Dataset extract Start Marker

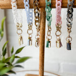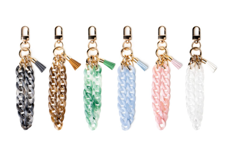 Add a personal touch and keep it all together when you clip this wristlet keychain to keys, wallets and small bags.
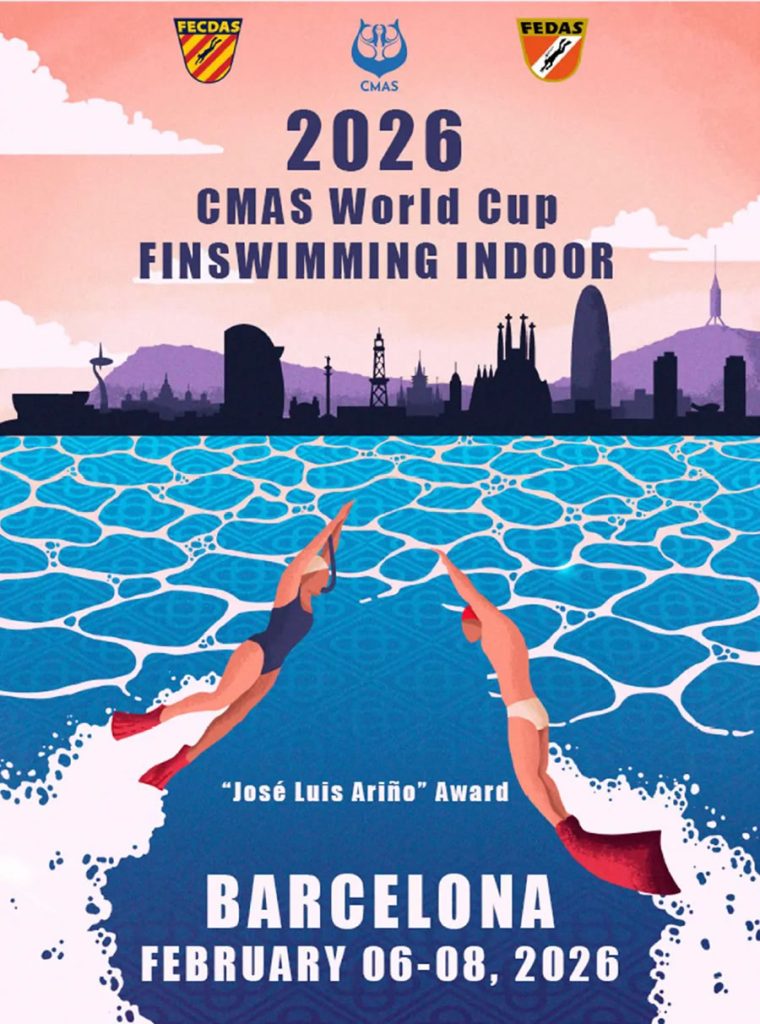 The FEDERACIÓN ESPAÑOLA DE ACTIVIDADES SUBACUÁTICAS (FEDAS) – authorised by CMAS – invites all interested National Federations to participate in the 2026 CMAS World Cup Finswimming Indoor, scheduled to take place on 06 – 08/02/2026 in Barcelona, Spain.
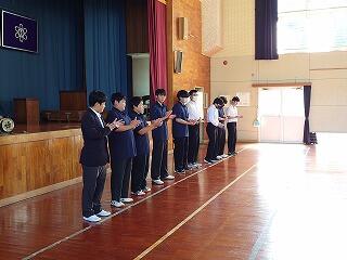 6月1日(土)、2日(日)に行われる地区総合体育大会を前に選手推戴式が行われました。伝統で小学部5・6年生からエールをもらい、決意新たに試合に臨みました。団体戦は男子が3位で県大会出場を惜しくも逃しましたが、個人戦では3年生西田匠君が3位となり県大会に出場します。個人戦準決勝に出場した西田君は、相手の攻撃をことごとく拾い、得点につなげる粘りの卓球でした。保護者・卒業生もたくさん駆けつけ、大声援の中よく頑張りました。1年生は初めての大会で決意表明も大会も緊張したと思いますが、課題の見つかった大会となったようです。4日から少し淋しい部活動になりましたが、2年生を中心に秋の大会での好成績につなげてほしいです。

Dataset extract End Marker

## Aim of the task
Only the pictures are to be left out, and all of the data must otherwise be transcribed exactly.

## Result of this exercise
 Add a personal touch and keep it all together when you clip this wristlet keychain to keys, wallets and small bags.
 The FEDERACIÓN ESPAÑOLA DE ACTIVIDADES SUBACUÁTICAS (FEDAS) – authorised by CMAS – invites all interested National Federations to participate in the 2026 CMAS World Cup Finswimming Indoor, scheduled to take place on 06 – 08/02/2026 in Barcelona, Spain.
 6月1日(土)、2日(日)に行われる地区総合体育大会を前に選手推戴式が行われました。伝統で小学部5・6年生からエールをもらい、決意新たに試合に臨みました。団体戦は男子が3位で県大会出場を惜しくも逃しましたが、個人戦では3年生西田匠君が3位となり県大会に出場します。個人戦準決勝に出場した西田君は、相手の攻撃をことごとく拾い、得点につなげる粘りの卓球でした。保護者・卒業生もたくさん駆けつけ、大声援の中よく頑張りました。1年生は初めての大会で決意表明も大会も緊張したと思いますが、課題の見つかった大会となったようです。4日から少し淋しい部活動になりましたが、2年生を中心に秋の大会での好成績につなげてほしいです。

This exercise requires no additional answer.